Attempting to write a basic Hermitian eigenproblem

I’m trying to write a script to solve a basic Hermitian eigenproblem, ∇^2u = Eu, on a 2D square, using the new dolfinx module. I think I can follow the documentation once the problem is solved (extracting eigenvalues, plotting etc), but I am struggling with defining the problem. Here is what I have so far

from mpi4py import MPI                                                                         
import numpy as np
import ufl
from dolfinx import fem, io, mesh, plot
from dolfinx.fem.petsc import LinearProblem, assemble_matrix
from ufl import ds, dx, grad, inner
 
msh = mesh.create_rectangle( 
    comm=MPI.COMM_WORLD,
    points=((0.0, 0.0), (1.0, 1.0)),
    n=(32, 32),
    cell_type=mesh.CellType.triangle
) 
V = fem.functionspace(msh, ("Lagrange", 1))
 
 # Set Dirichlet boundary conditions
def bc_checker(x):
    return np.logical_or(
        np.logical_or(np.isclose(x[0], 0.0), np.isclose(x[0], 1.0)),
        np.logical_or(np.isclose(x[1], 0.0), np.isclose(x[1], 1.0))
    )
 
facets = mesh.locate_entities_boundary(
    msh,
    dim=(msh.topology.dim - 1),
    marker=bc_checker
)
dofs = fem.locate_dofs_topological(V=V, entity_dim=1, entities=facets)
bc = fem.dirichletbc(value=ScalarType(0), dofs=dofs, V=V)
 
# Define problem
u = ufl.TrialFunction(V)
v = ufl.TestFunction(V)
a = inner(grad(u), grad(v)) * dx
 
A = assemble_matrix(a, bcs=[bc])
A.assemble()

solver = SLEPc.EPS().create(MPI.COMM_WORLD)
solver.setOperators(A)
solver.solve()
![img1|551x500](upload://sxJyQT10x2ZCqDX3CXPNUey2jWt.jpeg)

It fails at assemble_matrix. “AttributeError: ‘Form’ object has no attribute ‘_cpp_object’”. I remember doing something similar above to hande the variational representation of the problem with the old dolfin module. Perhaps this is no longer the right procedure.

[edit] - For more info: This is the general form I am trying to reproduce

There are surely a couple of mistakes:

  1. A = assemble_matrix(a, bcs=[bc]) should be A = assemble_matrix(fem.form(a), bcs=[bc])
  2. you need to assemble a matrix for the right-hand side and then solve a generalized eigenvalue problem, because the mass matrix is not the identity matrix for P1 finite elements.

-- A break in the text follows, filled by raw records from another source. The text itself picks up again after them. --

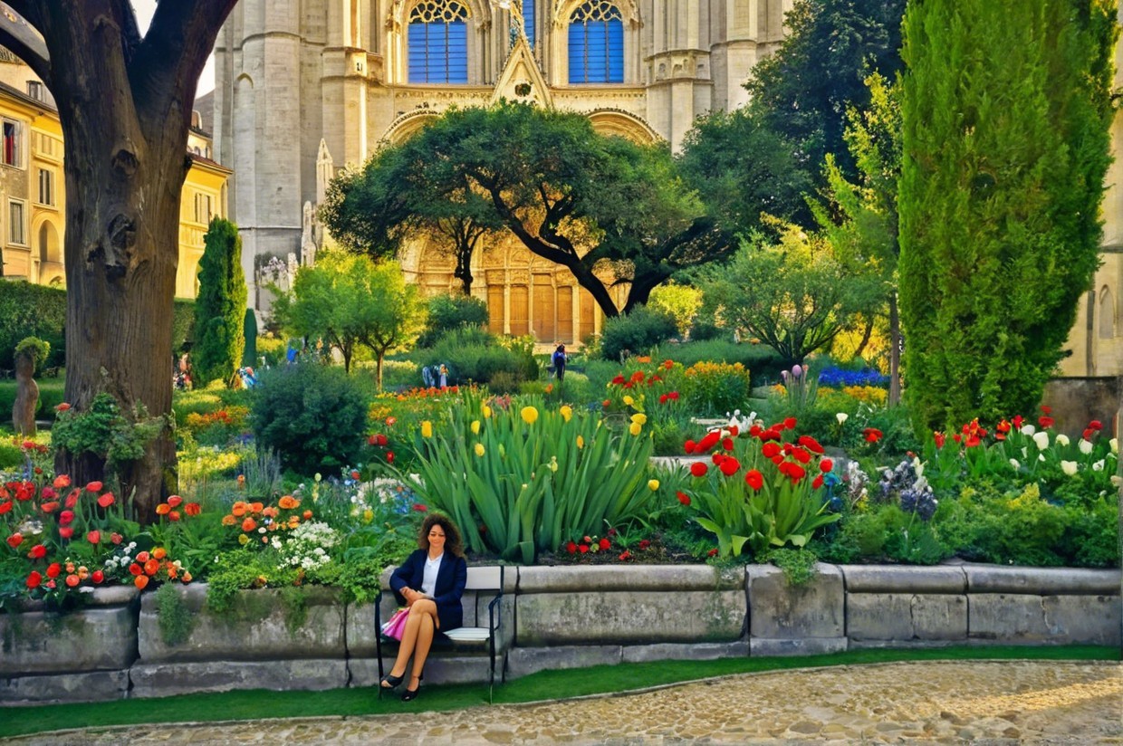 Tranquil Garden Scene with Woman and Cathedral Background
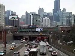 Hubbard's Cave and the Chicago skyline, in 2010. In a view facing southeast, Hubbard Street is seen crossing over the Kennedy Expressway, with the Metra tracks behind and above it.
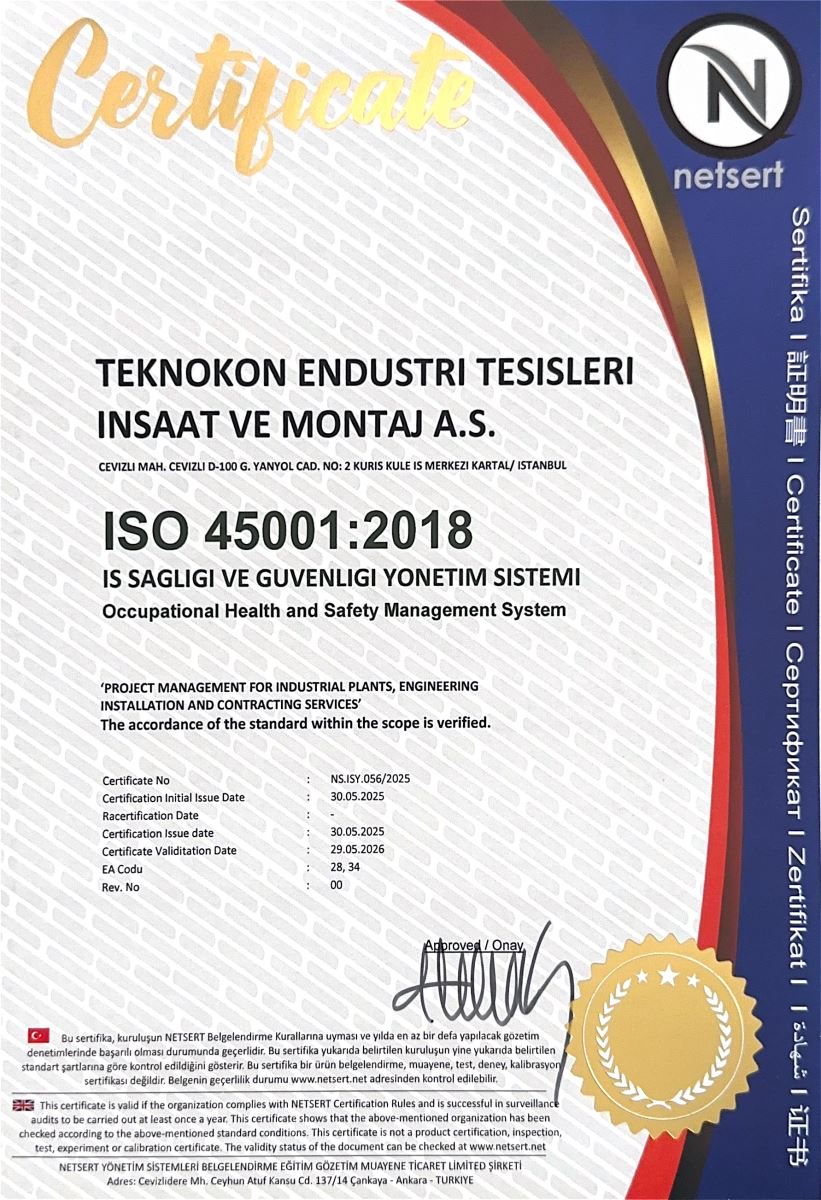 Teknokon Endüstri is certified with ISO 9001, ISO 14001 and ISO 45001. These certificates have clarified all the steps that our company follows in terms of HSE in all projects.
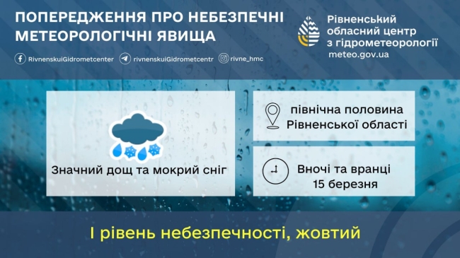15 березня, субота: хмарно з проясненнями. Вночі та вранці в північній половині області значний дощ та мокрий сніг, слабке налипання мокрого снігу, на окремих ділянках доріг ожеледиця. Вночі в південній половині помірний дощ. Вдень невеликий дощ і сніг. Вітер північний, північно-східний, 7-12 м/с. Температура вночі 0-5º тепла, вдень 2-7° тепла. Атмосферний тиск буде слабо рости.
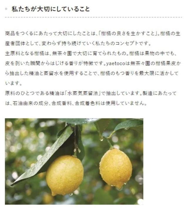 ●香りづけに使用するレモン果皮油は、搾汁した後に残った果皮を蒸留して抽出したものを使用した「畑でできたものを余すことなく」をコンセプトにしたアイテムです。
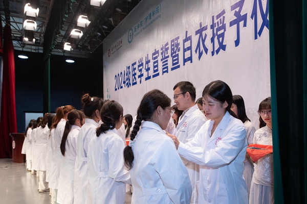 “健康所系,性命相托。当我步入神圣医学学府的时刻,谨庄严宣誓:我志愿献身医学,热爱祖国,忠于人民……”445名2024级新生身穿白衣,在附属第一医院副院长张颖的带领下庄严宣誓。
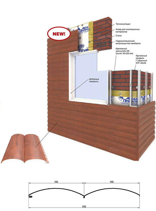 На этом сайдинге есть канавка напоминающая формой знаменитую вершину, а буква «L» означает Light, акцентируя преимущество стальной копии бруса относительно деревянного аналога по простоте монтажа и массе. Используется в качестве облицовки стен (в горизонтальной и вертикальной ориентации) и подшивки карнизов здании при сооружении кровли. В исполнении из металла с покрытием Ecosteel отлично имитирует клееный деревянный брус 120 мм. Устанавливается как любой сайдинг с применением типовых саморезов.
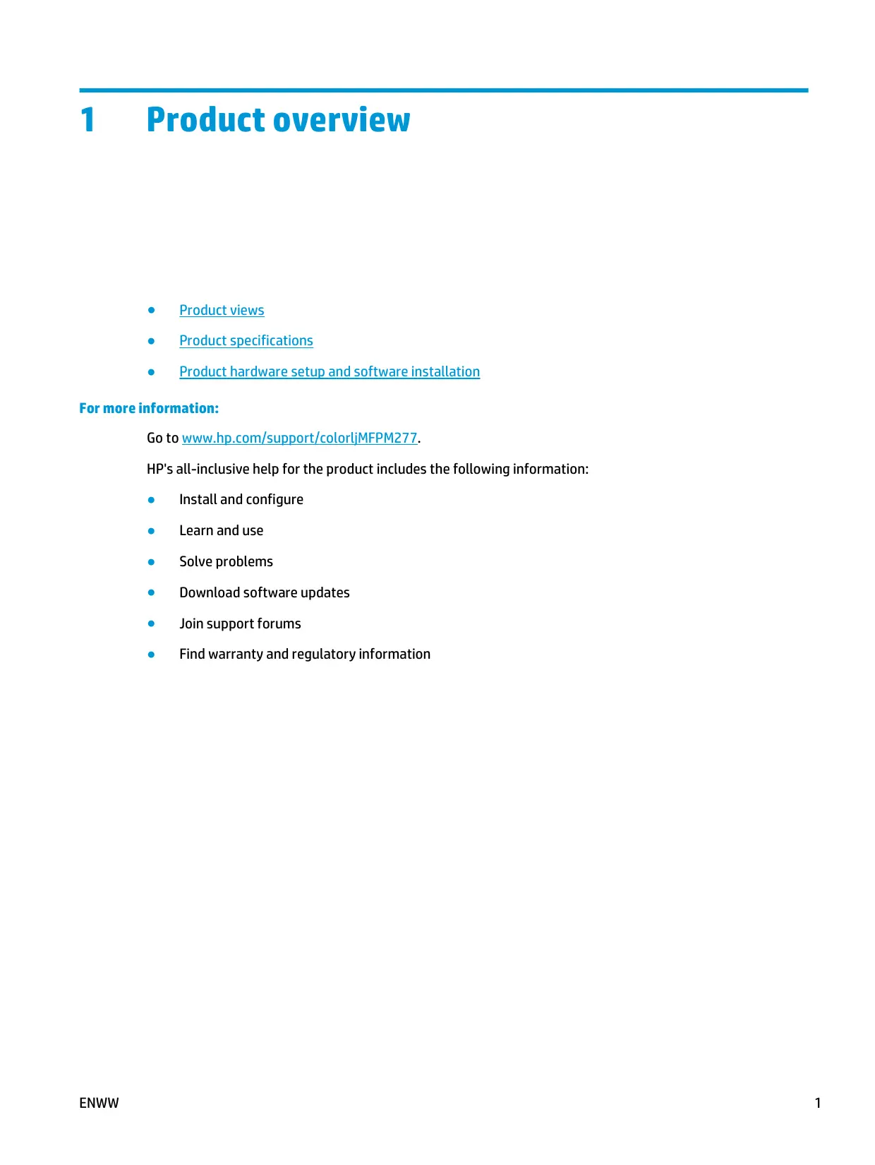 Product overview Product views Product specifications Product hardware setup and software installation For more information: ENWW Go to www.hp.com/support/colorljMFPM277. HP's all-inclusive help for the product includes the following information: Install and configure Learn and use Solve problems Download software updates Join support forums Find warranty and regulatory information
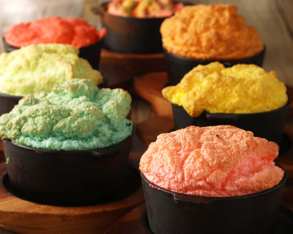 「トサカモミジ」のふわふわなスフレオムレツは、口の中で溶けて消える柔らかな食感で人気。そのオムレツが、期間限定でピンク、グリーン、ブルー、レッド、イエロー、オレンジなどカラフル仕様に♪ しかも、今なら新発売を記念して通常580円のところを、毎日20個まで無料で提供しているんです!
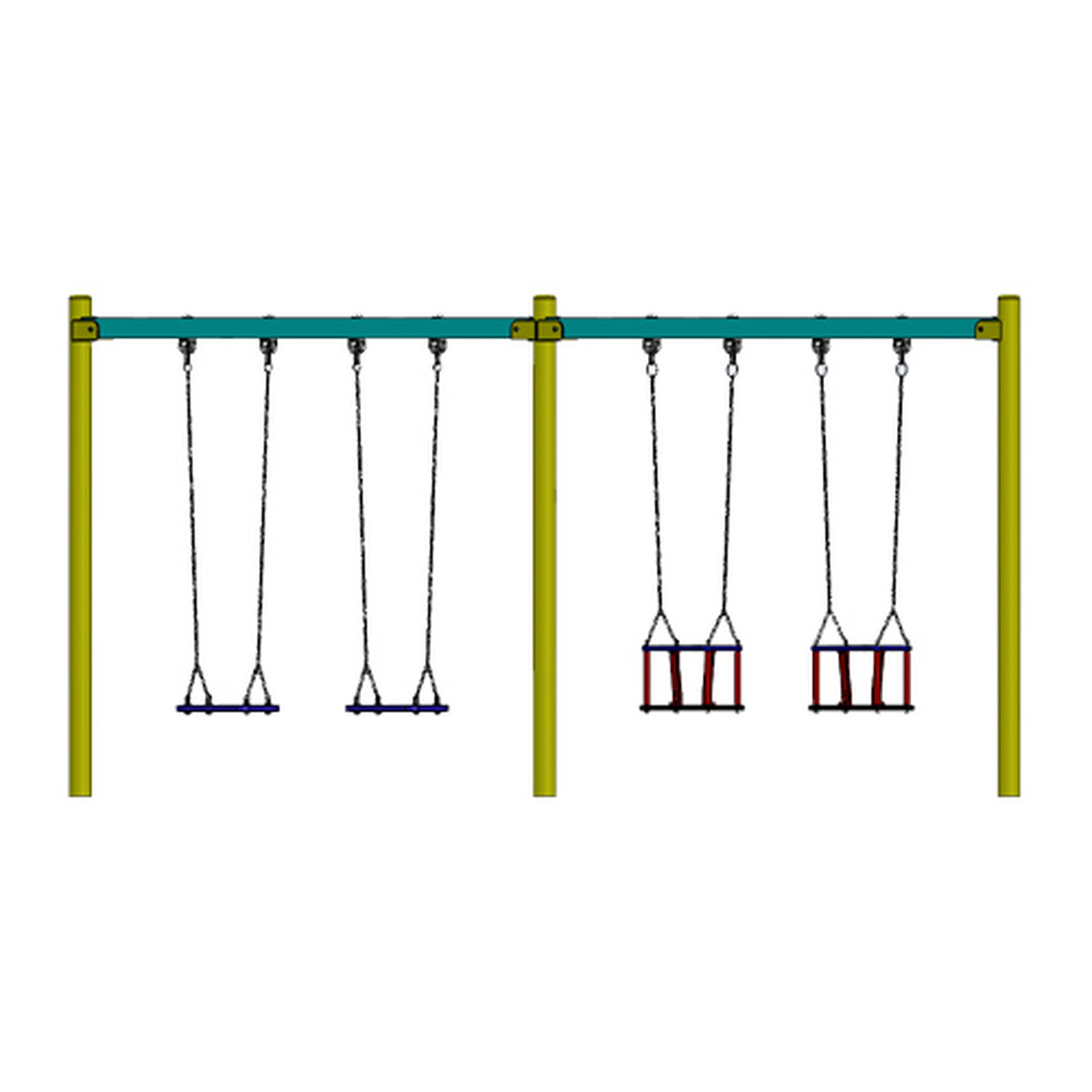 Négyszemélyes fém hintaállvány 2 db laphintával és 2 db bébihintával
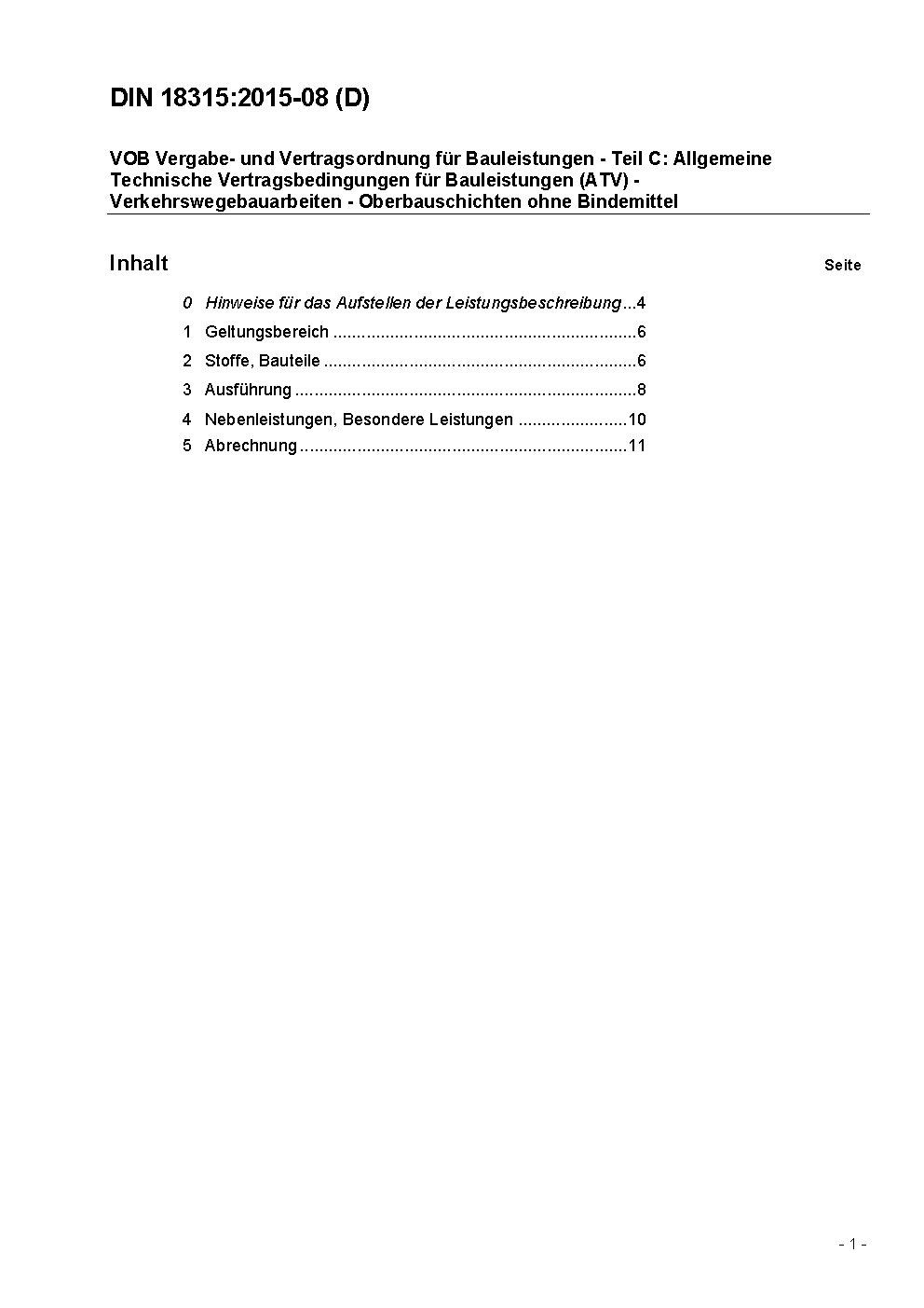 German construction contract procedures (VOB) - Part C: General technical specifications in construction contracts (ATV) - Road construction - Surfacings without binder
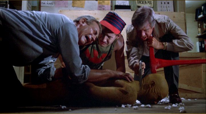 And, finally, Don Calfa, in movies since the ‘60s, including Scorsese’s New York, New York, Spielberg’s 1941, and Weekend At Bernie’s. His best role? Ernie the mortician. Watch his first scene, when Frank and Freddy and Burt arrive with the “rabid weasels.” Like Gulagar and Karen, his total commitment to the role sells the absurdity. Each of these guys deserved an Oscar nomination for Best Supporting Actor. Who won that year? Don Ameche for Cocoon? Who on earth has watched Cocoon since the ‘80s who isn’t related to Ron Howard? No one, that’s who. Don Ameche is great, sure. But he stole that award, goddammit! James Karen earned it, and did the Acamedy even look his way? No.
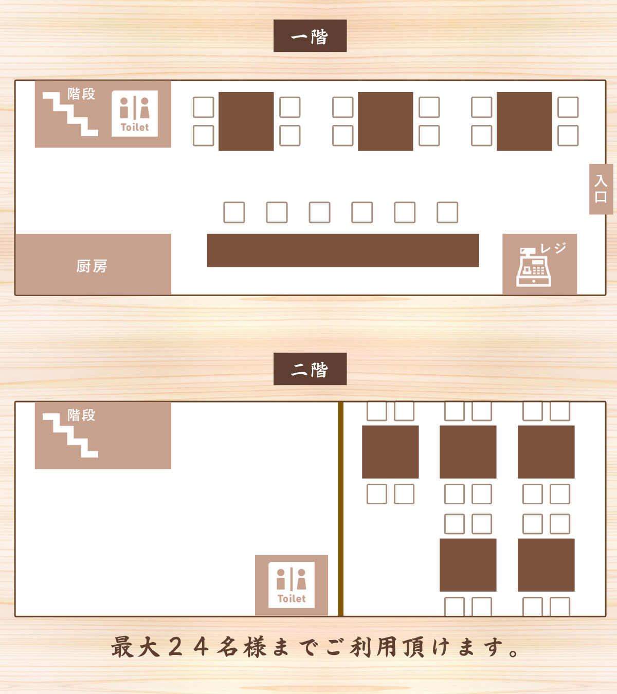 1F席は、ご家族・接待などテーブル席で落ち着いた空間です。カウンターもあり、お一人様でも気軽にお越し頂けます。2F席は大広間になっており、会社様をはじめ女子会・慶次・法事・各種宴会も最大24名様までご利用頂ける、広々とした個室もご用意しております。お気軽にご予約ください。
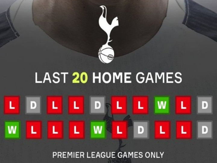 仔细观察一下热刺的得分情况,会发现一个十分有趣的现象。6个主场中,除了首轮三球大胜升班马伯恩利之后,再也无法取得任何胜利,分别负于伯恩茅斯、阿斯顿维拉和切尔西,战平狼队和曼联。
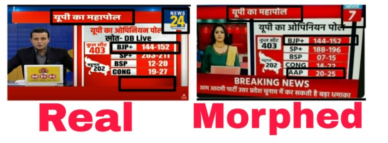 The viral graphic claiming to show an opinion poll by News7 projecting massive edge to the SP in upcoming UP polls has been morphed. The viral graphic has been manipulated and made by combining elements of three different news channels.
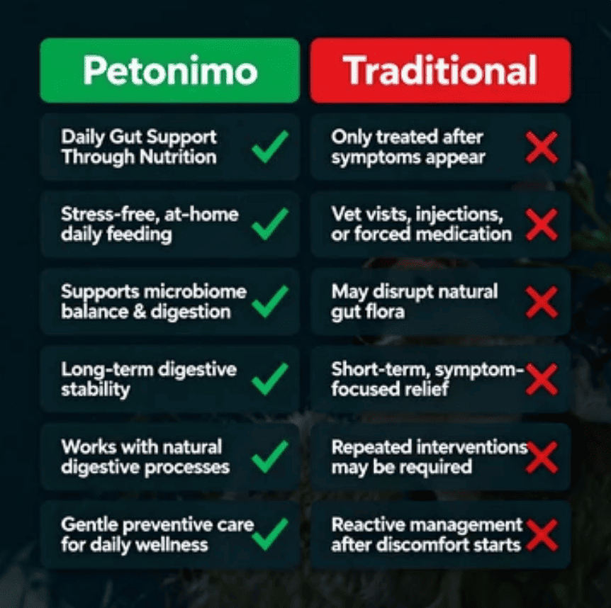 Traditional digestive care often relies on veterinary visits, injections, or medications once symptoms appear. While sometimes necessary, these approaches can be stressful for pets, may disrupt natural gut balance, and often focus on short-term relief rather than long-term digestive stability.
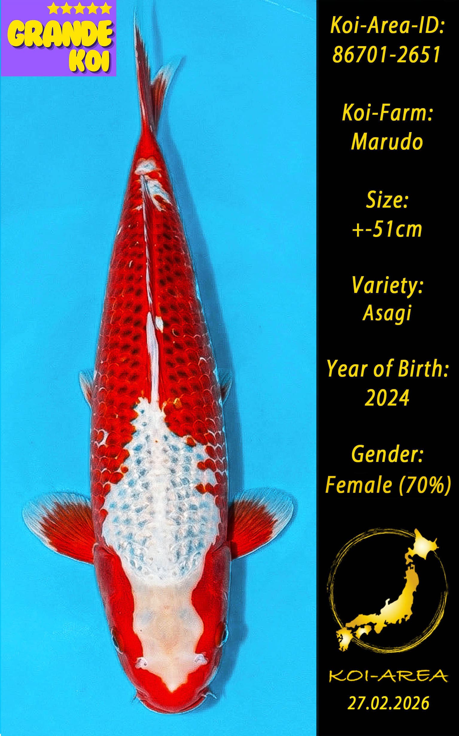 ⚠️ 🚛 🇯🇵 live aus Japan KOI – Dieser Koi schwimmt aktuell noch in Japan. Abhol-/ und Versandtermine für diesen Koi sind ab Anfang April 2026 verfügbar
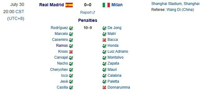 Экс-форвард донецкого «Шахтера» Луис Адриано отыграл весь второй тайм товарищеского матча против мадридского «Реала» за «Милан», а в серии послематчевых пенальти уверенно реализовал свой шанс. Решающий пенальти в матче не забил 16-летний голкипер «россонери» Джанлуиджи Доннарума, который пробил прямо в Кико Касилью.
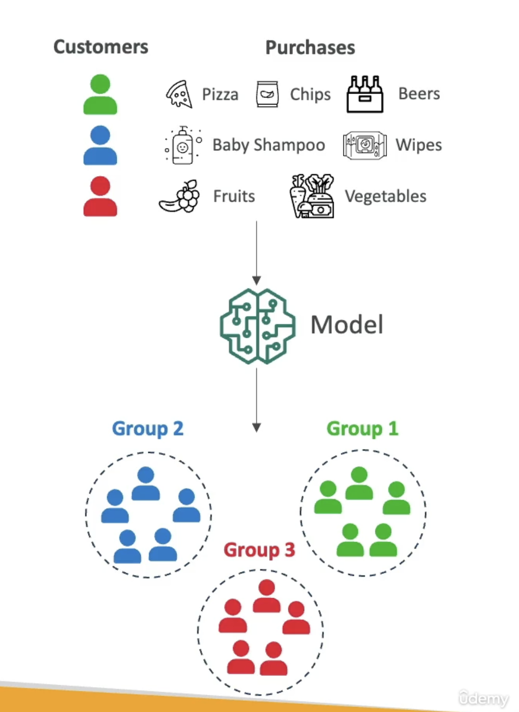The model plots all customers and identifies three distinct groups. The model does not know these are “students” or “new parents” — that interpretation comes from humans.

Thanks for the reply. Here is the latest iteration

from mpi4py import MPI
import numpy as np
import ufl
from slepc4py import SLEPc
from dolfinx import fem, io, mesh, plot
from dolfinx.fem.petsc import LinearProblem, assemble_matrix
from ufl import ds, dx, grad, inner

msh = mesh.create_rectangle(
    comm=MPI.COMM_WORLD,
    points=((0.0, 0.0), (1.0, 1.0)),
    n=(32, 32),
    cell_type=mesh.CellType.triangle
)
V = fem.functionspace(msh, ("Lagrange", 1))

 # Set Dirichlet boundary conditions
def bc_checker(x):
    return np.logical_or(
        np.logical_or(np.isclose(x[0], 0.0), np.isclose(x[0], 1.0)),
        np.logical_or(np.isclose(x[1], 0.0), np.isclose(x[1], 1.0))
    )

facets = mesh.locate_entities_boundary(
    msh,
    dim=(msh.topology.dim - 1),
    marker=bc_checker
)
dofs = fem.locate_dofs_topological(V=V, entity_dim=1, entities=facets)
bc = fem.dirichletbc(value=0.0, dofs=dofs, V=V)

# Define problem
u = ufl.TrialFunction(V)
v = ufl.TestFunction(V)
a = inner(grad(u), grad(v)) * dx
m = u*v*dx

A = assemble_matrix(fem.form(a), bcs=[bc])
A.assemble()
M = assemble_matrix(fem.form(m), bcs=[bc])
M.assemble()

solver = SLEPc.EPS().create(MPI.COMM_WORLD)
solver.setOperators(A, M)
solver.solve()
nconv = solver.getConverged()

for i in range(nconv-1):
    print(solver.getEigenpair(i))

It solves the problem, but only for one eigenpair? I would like to solve for all eigenpairs (time efficiency is not an issue)

I have prepared a tutorial on this, since it was already on my todo list and it came up twice in two days. See tutorial_eigenvalue_laplacian

You may want to limit yourself to Approach #1 (and its fixup), since Approach #2 requires a library you do not have (but could be easily installed, if needed).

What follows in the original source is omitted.